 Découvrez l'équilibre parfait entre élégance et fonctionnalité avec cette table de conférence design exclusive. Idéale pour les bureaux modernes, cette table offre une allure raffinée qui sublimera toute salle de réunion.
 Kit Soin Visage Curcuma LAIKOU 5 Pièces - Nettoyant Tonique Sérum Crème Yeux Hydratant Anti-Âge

· · · · ·

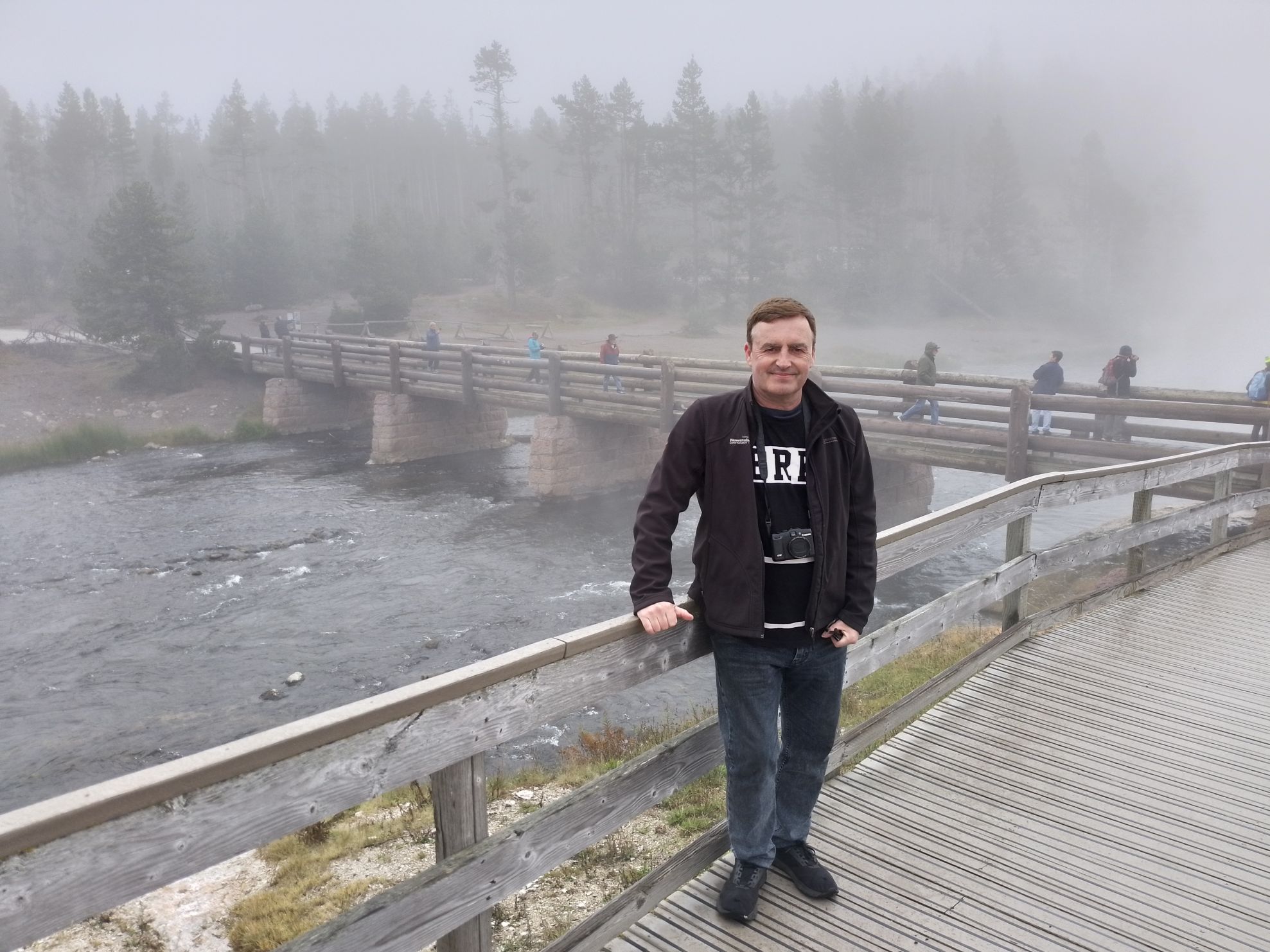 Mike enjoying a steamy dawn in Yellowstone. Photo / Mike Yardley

· · · · ·

*Aim of the task*.
The required answer is the run of lines above, starting at the line with "Découvrez l'équilibre parfait" and ending at the line with "Kit Soin Visage", reproduced exactly with both ends.

*Exercise solution*.
 Découvrez l'équilibre parfait entre élégance et fonctionnalité avec cette table de conférence design exclusive. Idéale pour les bureaux modernes, cette table offre une allure raffinée qui sublimera toute salle de réunion.
 Kit Soin Visage Curcuma LAIKOU 5 Pièces - Nettoyant Tonique Sérum Crème Yeux Hydratant Anti-Âge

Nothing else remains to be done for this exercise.